:: Requirement ::
Reproduce each line of the material exactly, minus any picture.

:: Data extract ::
===============

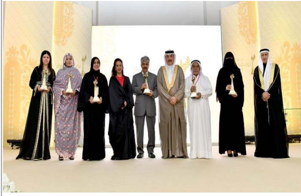
الفائزون بجائزة سمو الأميرة سبيكة لتشجيع الأسر المنتجة
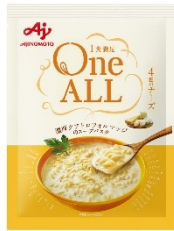
＜濃厚クアトロフォルマッジのスープパスタ＞

※1)女性のための完全栄養食：食事摂取基準で定められた33種のうち熱量・炭水化物・脂質以外の栄養素を18歳以上女性の1日の基準値の1/3以上含有する食品(当社定義)
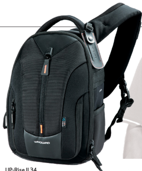
UP-Rise II 34

===============

:: Solved exercise ::
الفائزون بجائزة سمو الأميرة سبيكة لتشجيع الأسر المنتجة
＜濃厚クアトロフォルマッジのスープパスタ＞

※1)女性のための完全栄養食：食事摂取基準で定められた33種のうち熱量・炭水化物・脂質以外の栄養素を18歳以上女性の1日の基準値の1/3以上含有する食品(当社定義)
UP-Rise II 34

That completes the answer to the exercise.